Opposition to the war continued at home. On 4 May four university students at Kent State University in Ohio were killed by the National Guard at an anti-war demonstration. This seemed to strike at the heart of American democracy which proclaimed freedom of speech and freedom of assembly in its Bill of Rights.

Even within the RVN government there were some concerns that the large numbers of American troops in Vietnam would alienate the people from the republic.

The US was stepping up Nixon's "peace with honour" policy when the Senate repealed the Gulf of Tonkin Resolution, and by the end of the year there were fewer than 300,000 American "boys" in Vietnam. By the end of 1971 there were only 139,000.  

A Russian surface-to-air missile (SAM) in Hanoi




 A Russian surface-to-air missile (SAM) in Hanoi.
G. Lewis


Following an NVA strike across the Seventeenth Parallel which resulted in the fall of Quang Tri, Nixon ordered an increase in the bombing to speed up the peace process.
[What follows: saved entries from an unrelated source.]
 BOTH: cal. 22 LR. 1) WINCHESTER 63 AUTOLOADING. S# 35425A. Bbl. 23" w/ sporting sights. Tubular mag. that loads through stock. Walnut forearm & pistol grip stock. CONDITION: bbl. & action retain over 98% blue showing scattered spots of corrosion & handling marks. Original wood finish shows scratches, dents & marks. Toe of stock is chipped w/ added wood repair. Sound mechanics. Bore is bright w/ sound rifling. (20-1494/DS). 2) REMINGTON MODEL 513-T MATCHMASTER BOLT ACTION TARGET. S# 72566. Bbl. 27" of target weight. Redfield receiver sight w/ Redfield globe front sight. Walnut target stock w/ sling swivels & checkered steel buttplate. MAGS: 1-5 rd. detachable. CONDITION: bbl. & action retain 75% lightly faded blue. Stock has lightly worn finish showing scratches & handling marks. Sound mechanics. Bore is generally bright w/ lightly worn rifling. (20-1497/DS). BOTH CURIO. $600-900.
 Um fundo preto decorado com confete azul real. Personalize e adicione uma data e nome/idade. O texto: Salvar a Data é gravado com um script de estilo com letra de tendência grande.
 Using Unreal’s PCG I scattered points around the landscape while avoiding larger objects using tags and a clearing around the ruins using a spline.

This 1972 plan was believed to "try to bomb the north to the conference table". The main port of the north, Haiphong, was mined in an effort to prevent supplies coming into the north from the Soviet Union and China who were backing the North Vietnamese.

After years of negotiations a ceasefire was signed between Kissinger and Le Duc Tho in Paris. RVN President Thieu violently objected to the agreement, but by this time he had largely become irrelevant. The Peace Agreement was signed by all parties on 27 January. The Americans agreed to a complete pull-out of troops by the end of March.
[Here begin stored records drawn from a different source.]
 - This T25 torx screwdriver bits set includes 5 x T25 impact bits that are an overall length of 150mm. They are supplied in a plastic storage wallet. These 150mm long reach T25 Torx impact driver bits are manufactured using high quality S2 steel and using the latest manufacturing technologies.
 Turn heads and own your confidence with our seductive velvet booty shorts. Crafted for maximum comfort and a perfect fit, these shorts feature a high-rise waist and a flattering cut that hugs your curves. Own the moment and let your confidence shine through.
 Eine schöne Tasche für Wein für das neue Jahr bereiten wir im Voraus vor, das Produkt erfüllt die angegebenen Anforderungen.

As far as the Americans were concerned, the war had ended. The republic was now left to its own devices to face the North Vietnamese. On 9 August 1974 Nixon was forced to resign as president following his involvement in the Watergate scandal.
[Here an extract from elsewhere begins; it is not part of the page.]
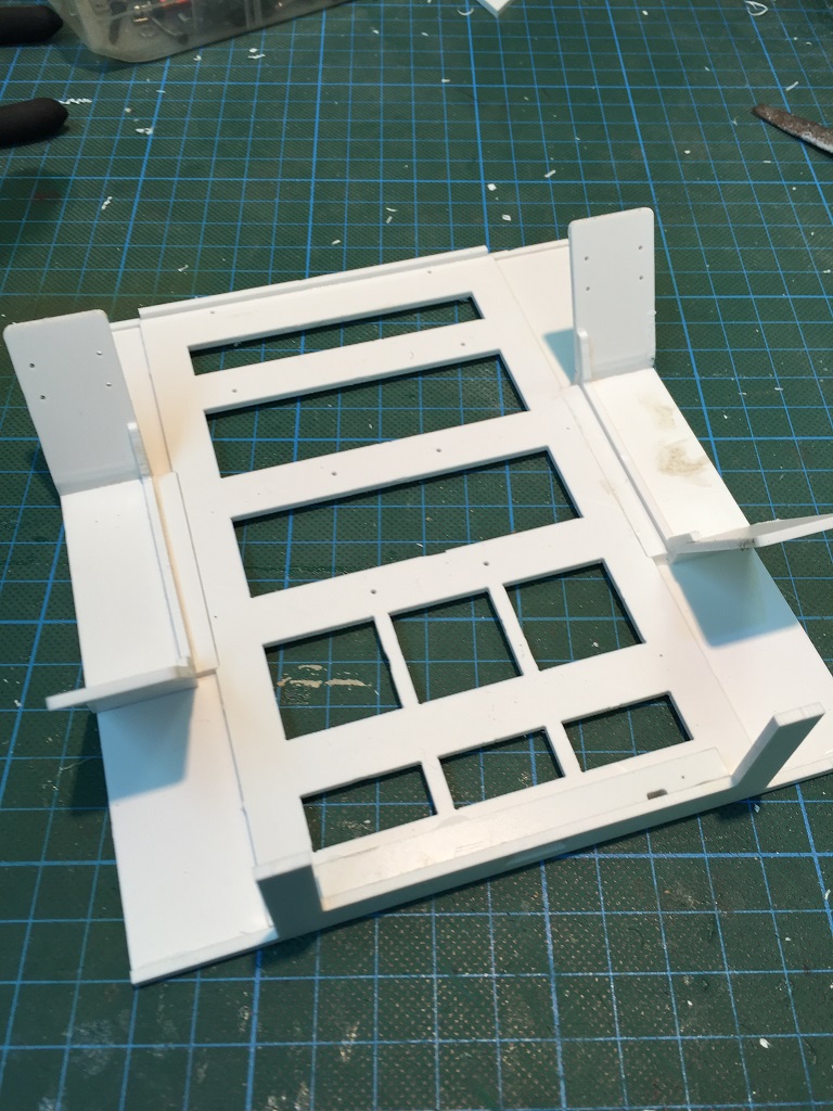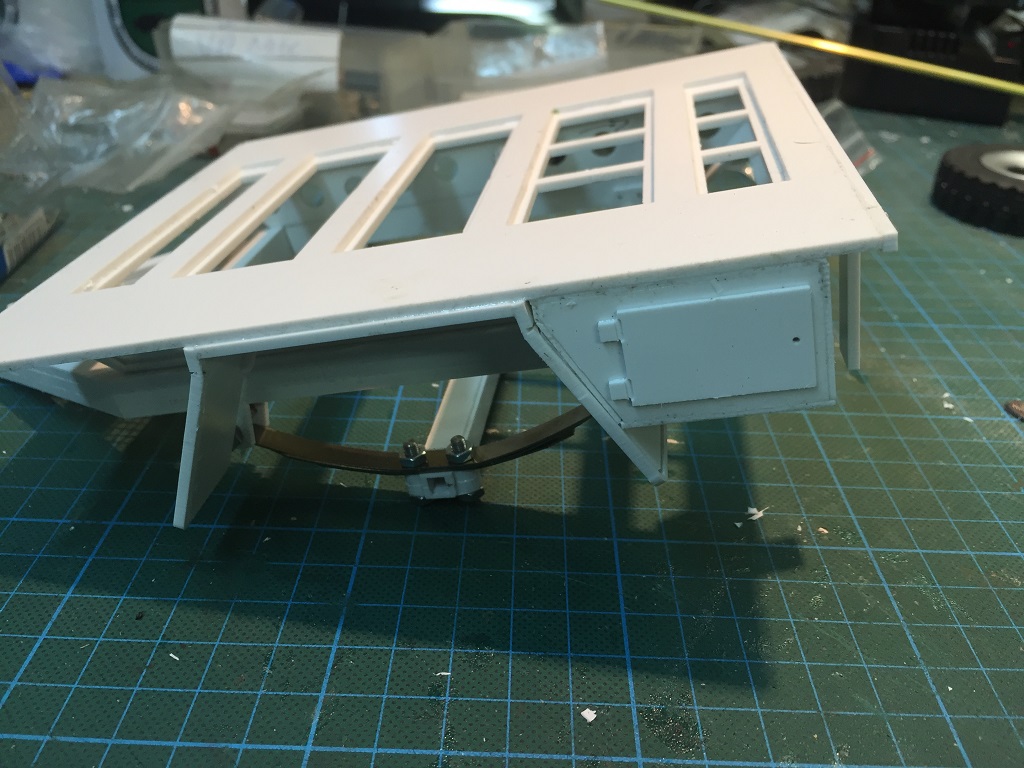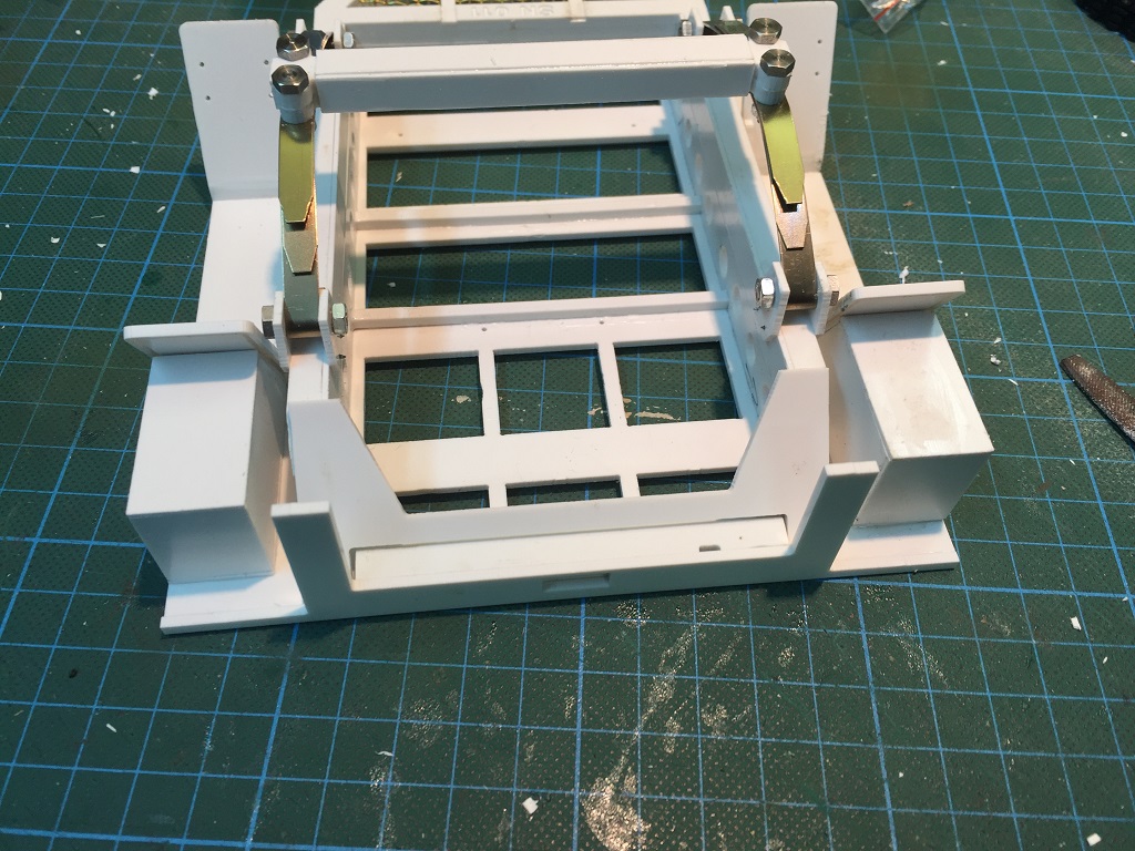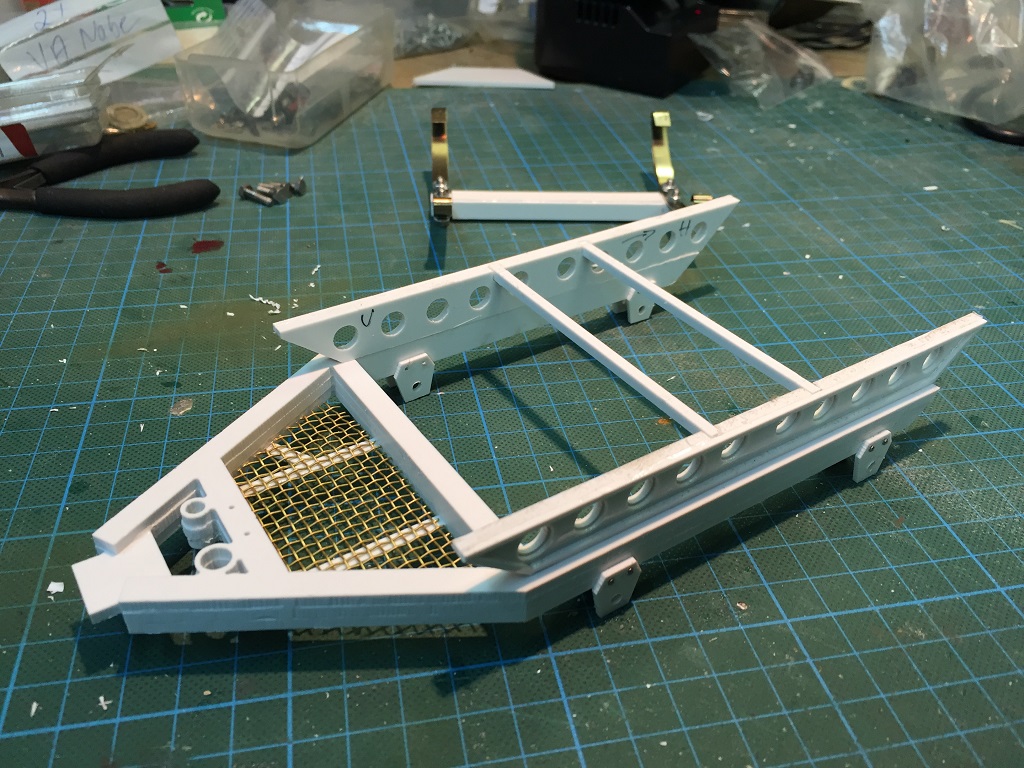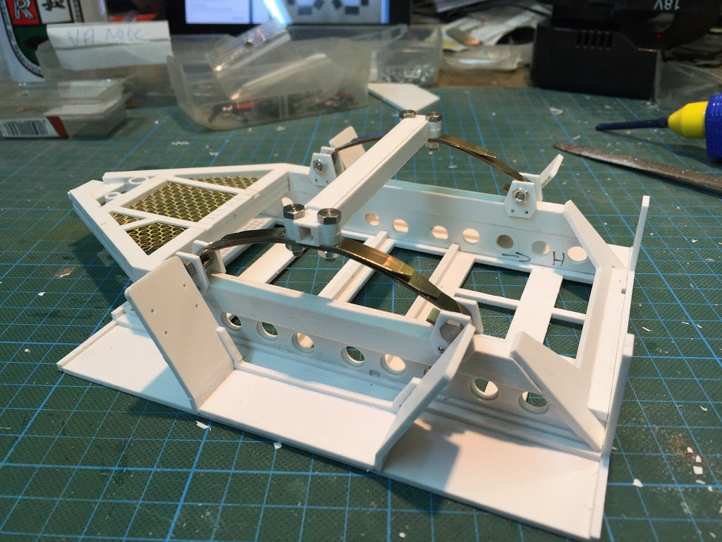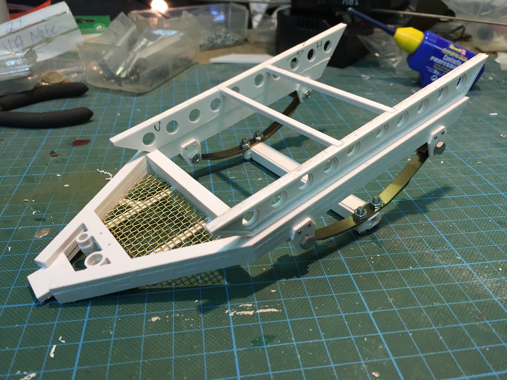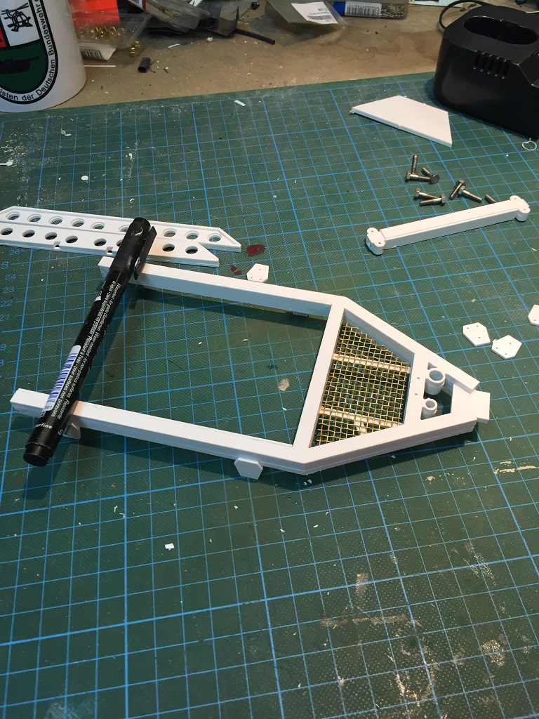Danach ging es an Löcher bohren, die äußeren Aufnahmen der Blattfedern verkleben und noch schnell nen Gitter zuschneiden und einkleben.

With the Americans gone and with increasing support of the Soviet Union, it was only a matter of time before the communists would secure a victory. This was important for the Soviets in the Cold War against the US both militarily and in the propaganda war.

In 1975 the "Ho Chi Minh Campaign" began to sweep the North to power in the south. Coordinated attacks by the Vietcong and NVA fell upon the remnants of the Saigon forces, who retreated quickly and ignominiously. They had nothing left to fight for. City after city and town after town quickly fell to the forces led by General Van Tien Dung.

The NVA wished to capture Saigon before the beginning of the wet season, which usually began in May, and before President Thieu could regroup his forces. By 21 April Saigon was surrounded and the Americans and other foreigners began to evacuate their people. A week later the airport was captured and the communists moved into the suburbs. Over the next eighteen hours helicopters took off from the roof of the American Embassy moving out 6000 people– one of the lasting images of the war.

President Thieu had fled Saigon on 25 April, to be replaced by "Big" Minh. At 10:00 am on 30 April the official capture of Saigon was announced. In one of the great ironies of history President Minh said to General Van Tien Dung that "I have been waiting for you to hand over power!", to which the General replied, "You cannot hand over that which you do not possess!"

Perhaps Neil Davis said it all when he met North Vietnamese tank crews in the grounds of the presidential palace: "Welcome to Saigon, comrade. I've been waiting for you."